→ **Required work**
Give the records again exactly, but drop the pictures.

(Stored records)
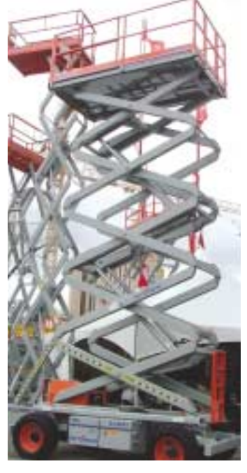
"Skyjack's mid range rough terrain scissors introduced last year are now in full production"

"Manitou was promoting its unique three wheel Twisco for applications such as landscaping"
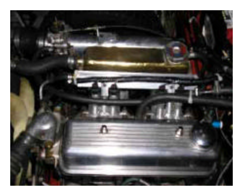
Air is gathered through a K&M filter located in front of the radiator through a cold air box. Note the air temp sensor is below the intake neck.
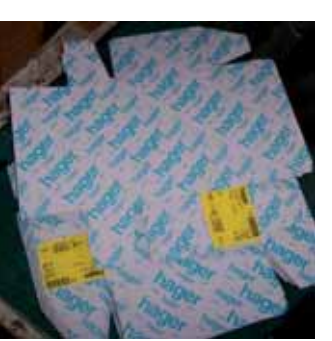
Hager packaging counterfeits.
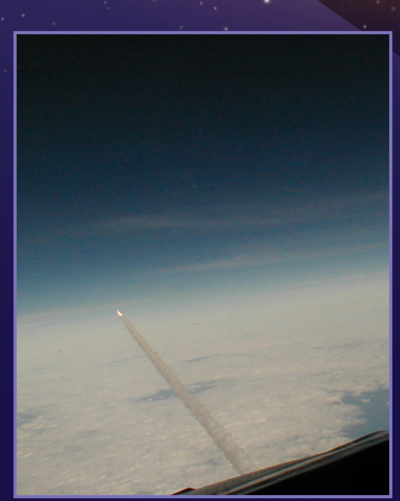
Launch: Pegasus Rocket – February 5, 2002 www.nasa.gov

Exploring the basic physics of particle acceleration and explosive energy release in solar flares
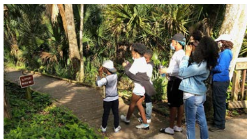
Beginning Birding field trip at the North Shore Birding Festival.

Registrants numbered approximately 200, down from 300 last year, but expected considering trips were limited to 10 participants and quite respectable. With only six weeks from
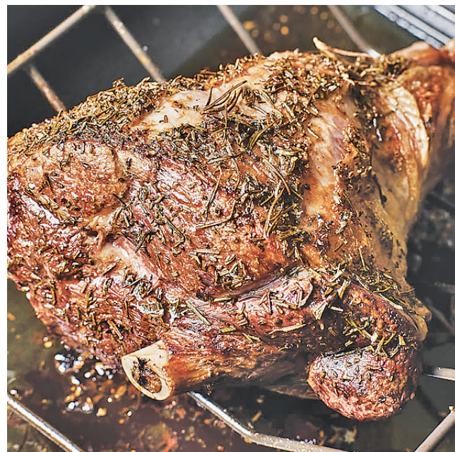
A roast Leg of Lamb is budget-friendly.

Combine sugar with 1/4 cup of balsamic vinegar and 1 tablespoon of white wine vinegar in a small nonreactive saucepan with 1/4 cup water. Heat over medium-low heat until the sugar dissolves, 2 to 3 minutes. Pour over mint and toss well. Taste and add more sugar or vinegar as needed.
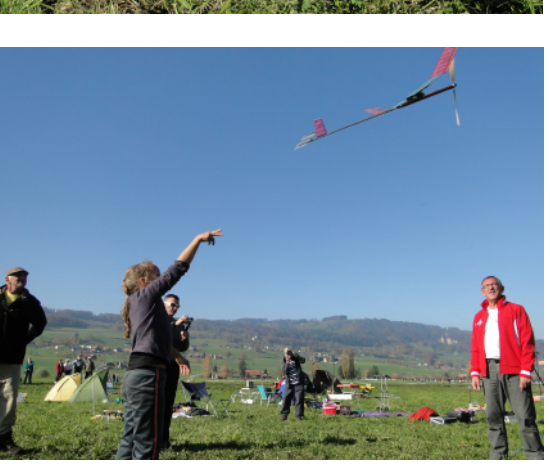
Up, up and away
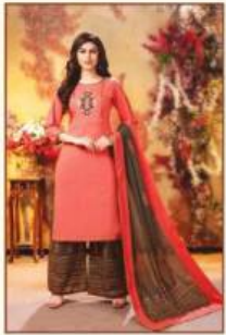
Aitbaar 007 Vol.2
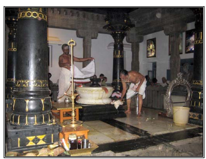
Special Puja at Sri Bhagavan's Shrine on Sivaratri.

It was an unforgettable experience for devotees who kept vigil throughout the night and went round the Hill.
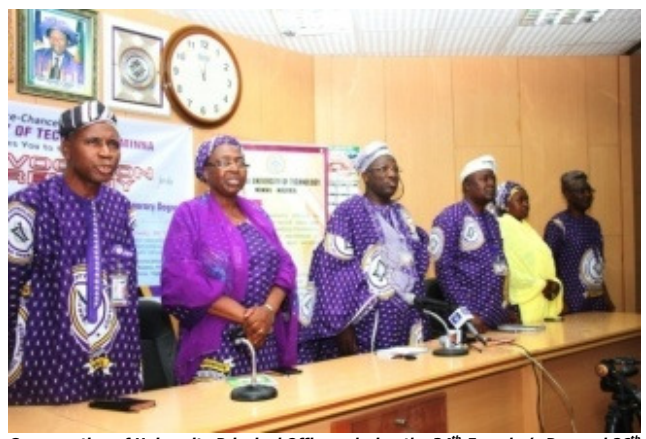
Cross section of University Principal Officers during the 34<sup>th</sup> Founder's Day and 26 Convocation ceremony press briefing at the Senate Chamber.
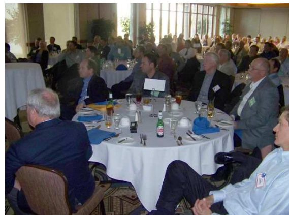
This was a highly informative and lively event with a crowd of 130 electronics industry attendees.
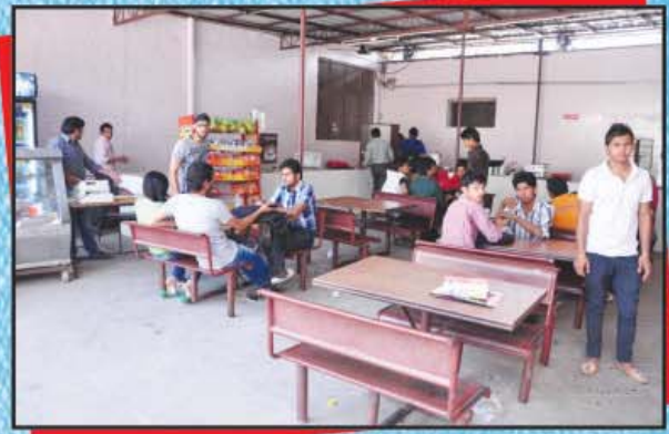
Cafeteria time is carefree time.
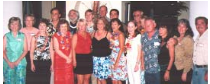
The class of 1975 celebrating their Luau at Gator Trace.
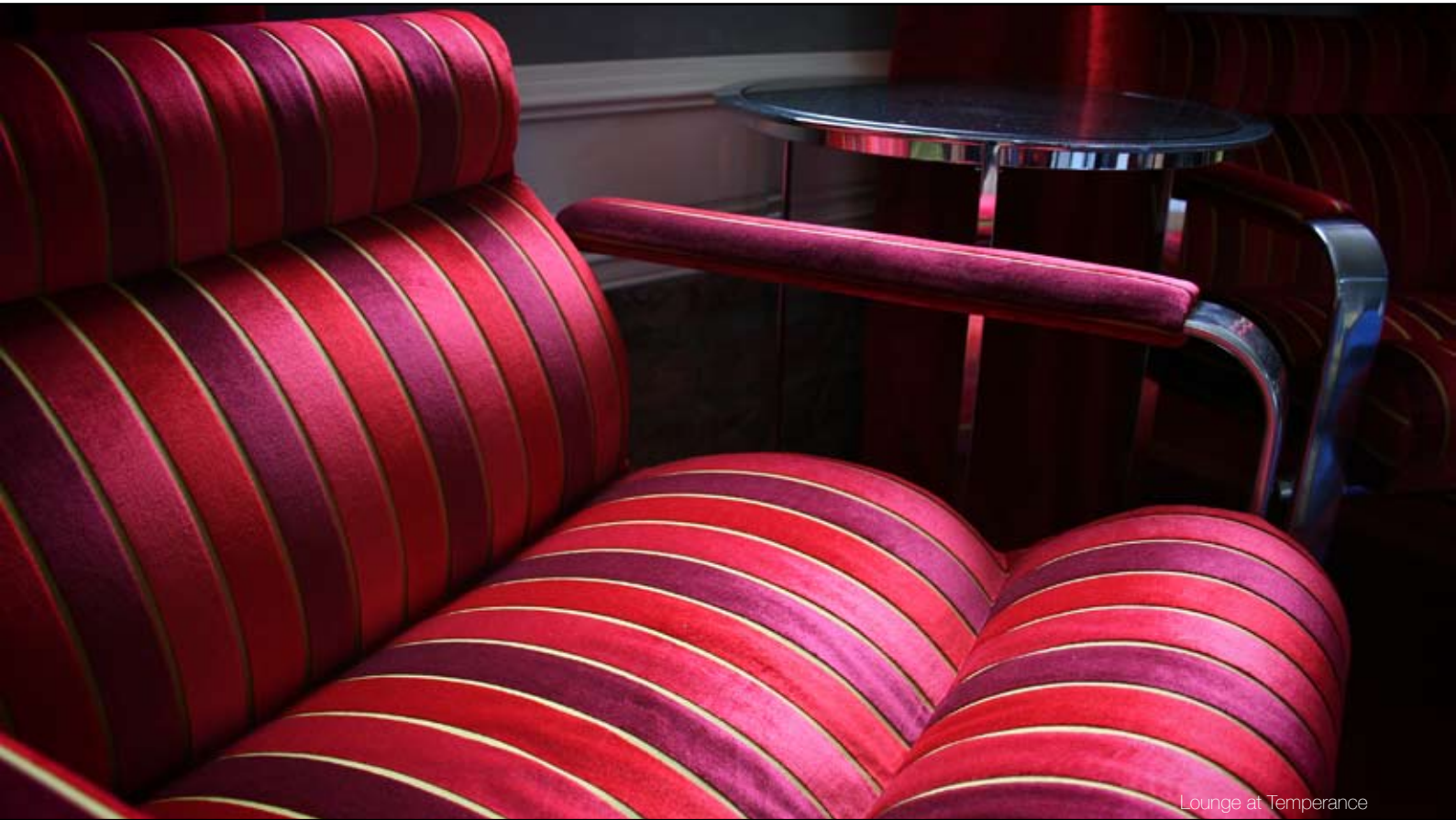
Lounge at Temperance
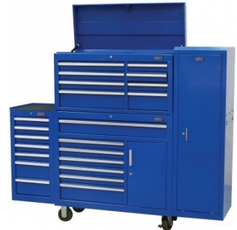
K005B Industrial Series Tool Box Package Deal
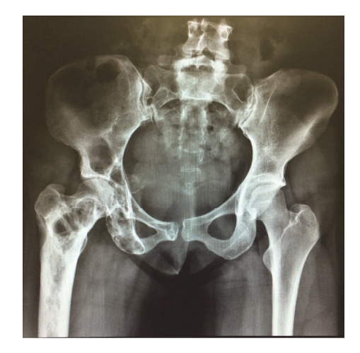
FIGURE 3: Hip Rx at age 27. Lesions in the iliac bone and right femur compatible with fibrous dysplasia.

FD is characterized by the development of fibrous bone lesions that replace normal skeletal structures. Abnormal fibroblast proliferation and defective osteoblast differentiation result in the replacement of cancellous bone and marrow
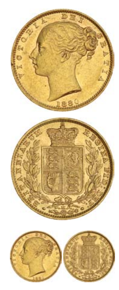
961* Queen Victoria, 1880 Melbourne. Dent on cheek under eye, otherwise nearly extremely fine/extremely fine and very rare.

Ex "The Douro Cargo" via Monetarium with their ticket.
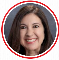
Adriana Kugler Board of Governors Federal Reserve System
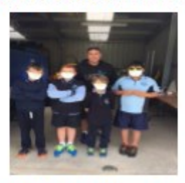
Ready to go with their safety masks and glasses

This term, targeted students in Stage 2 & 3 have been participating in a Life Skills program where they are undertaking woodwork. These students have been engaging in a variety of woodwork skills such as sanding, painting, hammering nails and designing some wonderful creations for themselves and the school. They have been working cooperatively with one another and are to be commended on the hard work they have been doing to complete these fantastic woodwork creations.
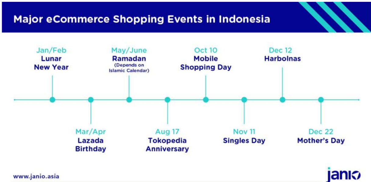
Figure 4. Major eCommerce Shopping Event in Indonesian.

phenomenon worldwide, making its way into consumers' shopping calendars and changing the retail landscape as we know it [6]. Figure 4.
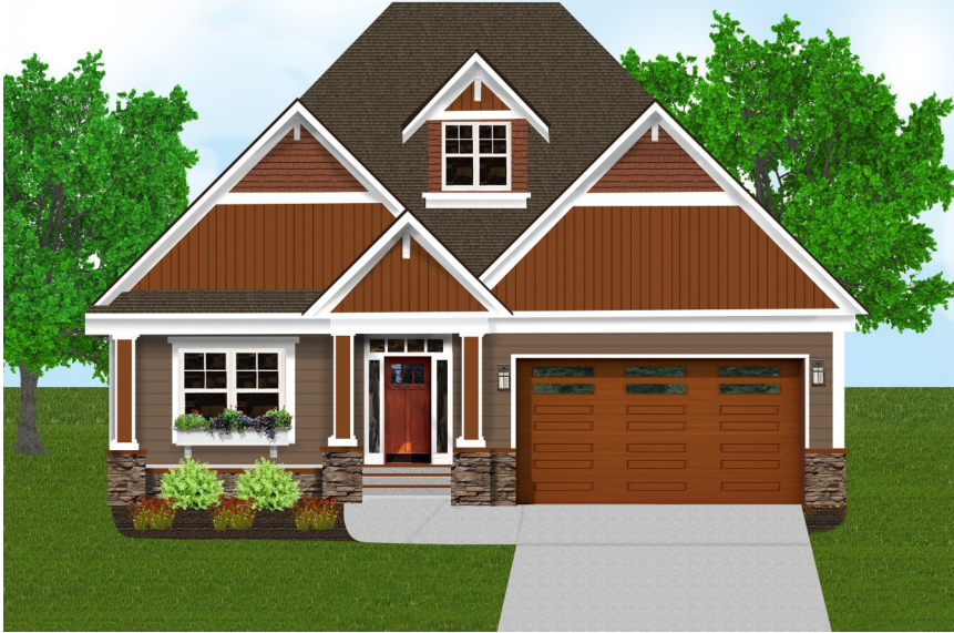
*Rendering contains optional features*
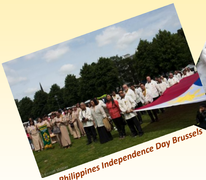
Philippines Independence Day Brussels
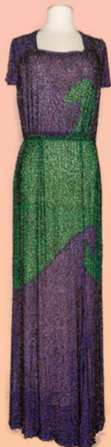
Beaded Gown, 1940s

→ **Response below**
"Skyjack's mid range rough terrain scissors introduced last year are now in full production"

"Manitou was promoting its unique three wheel Twisco for applications such as landscaping"
Air is gathered through a K&M filter located in front of the radiator through a cold air box. Note the air temp sensor is below the intake neck.
Hager packaging counterfeits.
Launch: Pegasus Rocket – February 5, 2002 www.nasa.gov

Exploring the basic physics of particle acceleration and explosive energy release in solar flares
Beginning Birding field trip at the North Shore Birding Festival.

Registrants numbered approximately 200, down from 300 last year, but expected considering trips were limited to 10 participants and quite respectable. With only six weeks from
A roast Leg of Lamb is budget-friendly.

Combine sugar with 1/4 cup of balsamic vinegar and 1 tablespoon of white wine vinegar in a small nonreactive saucepan with 1/4 cup water. Heat over medium-low heat until the sugar dissolves, 2 to 3 minutes. Pour over mint and toss well. Taste and add more sugar or vinegar as needed.
Up, up and away
Aitbaar 007 Vol.2
Special Puja at Sri Bhagavan's Shrine on Sivaratri.

It was an unforgettable experience for devotees who kept vigil throughout the night and went round the Hill.
Cross section of University Principal Officers during the 34<sup>th</sup> Founder's Day and 26 Convocation ceremony press briefing at the Senate Chamber.
This was a highly informative and lively event with a crowd of 130 electronics industry attendees.
Cafeteria time is carefree time.
The class of 1975 celebrating their Luau at Gator Trace.
Lounge at Temperance
K005B Industrial Series Tool Box Package Deal
FIGURE 3: Hip Rx at age 27. Lesions in the iliac bone and right femur compatible with fibrous dysplasia.

FD is characterized by the development of fibrous bone lesions that replace normal skeletal structures. Abnormal fibroblast proliferation and defective osteoblast differentiation result in the replacement of cancellous bone and marrow
961* Queen Victoria, 1880 Melbourne. Dent on cheek under eye, otherwise nearly extremely fine/extremely fine and very rare.

Ex "The Douro Cargo" via Monetarium with their ticket.
Adriana Kugler Board of Governors Federal Reserve System
Ready to go with their safety masks and glasses

This term, targeted students in Stage 2 & 3 have been participating in a Life Skills program where they are undertaking woodwork. These students have been engaging in a variety of woodwork skills such as sanding, painting, hammering nails and designing some wonderful creations for themselves and the school. They have been working cooperatively with one another and are to be commended on the hard work they have been doing to complete these fantastic woodwork creations.
Figure 4. Major eCommerce Shopping Event in Indonesian.

phenomenon worldwide, making its way into consumers' shopping calendars and changing the retail landscape as we know it [6]. Figure 4.
*Rendering contains optional features*
Philippines Independence Day Brussels
Beaded Gown, 1940s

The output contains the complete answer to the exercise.